It is an attempt to make fft calls on GPU more generic than we had before. It is now possible to run ffts on both NVIDIA and AMD gpus more transparently, the specialization occurring at the lowest level.

  • Adding for instance intel support for their next gen HPC gpus reduces to one header file and writing the gather and scatter kernels.
  • it would alsso be possible to use the same header file for the Nvidia and AMD kernels since they are actually the same. For now they are separated.
  • NB : Hip fft supports both rocm_fft and cufft libraries.

@mtaillefumier
Copy link
Contributor Author

Can someone trigger the cuda build.

@oschuett
Copy link
Member

It's great that you are looking into accelerating the FFTs!

In the past we never saw great speedups because the MPI communication went through the host. Is this still the case?
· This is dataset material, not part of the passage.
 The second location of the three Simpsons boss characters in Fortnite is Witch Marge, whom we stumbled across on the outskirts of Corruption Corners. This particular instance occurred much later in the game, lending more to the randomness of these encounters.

Also, it seems you rewrote 95% of the code. So, this might be an opportunity to adopt the BSD license like we did for the grid code.

@mtaillefumier
Copy link
Contributor Author

Unfortunately, I do not think we will gain much with the current state of the code because everything goes through the cpu so we always pay the prize of transferring data back and forth. a proper solution would be to keep the data on GPU but it require more in depth knowledge of where these routines are called before attempting anything.

I wanted to simplify the code as well because it was clearly old, mysterious and over complicated. There is technically no new code since it is pretty much the same logic. I just removed unneeded events and used one stream for the calculations. The specialization only boils down to one header file and one source file for each gpu backends. All the rest is generic.
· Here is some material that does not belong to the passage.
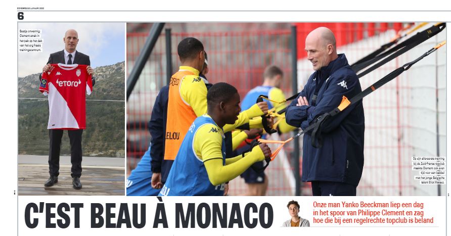 Philippe Clement occupe aussi la Une du SportWereld, dont le titre de l’article retraçant la conférence de presse est évocateur : « C’est beau à Monaco ».

I saw that the CI failed due to missing functions. I may have forgotten to push one modification in the toolchain or CI since I had to add new compilation flags.

NB : we may need to have some common header files for the functions that are not really gpus vendor dependent. hip api matches cuda api to a very large extend so we could simply have something like gpuMemcpyAsync(...) instead of hipMemcpyAsync (or it cuda version).

@mtaillefumier mtaillefumier force-pushed the hip_fft branch 2 times, most recently from 3d83a66 to 949da0c Compare January 11, 2022 10:03
@oschuett
Copy link
Member

I wanted to simplify the code as well because it was clearly old, mysterious and over complicated.

To my knowledge this is the earliest CUDA code in CP2K. Having it in good working order and with HIP support is already great progress and should buy us some time.

a proper solution would be to keep the data on GPU but it require more in depth knowledge of where these routines are called before attempting anything.

Yes, eventually we'll have to bite the bullet and rewrite the plane-wave code from scratch, but it's not yet top of the list IMHO.
Also, I'm hoping that SpFFT will do most of the heavy lifting ;-)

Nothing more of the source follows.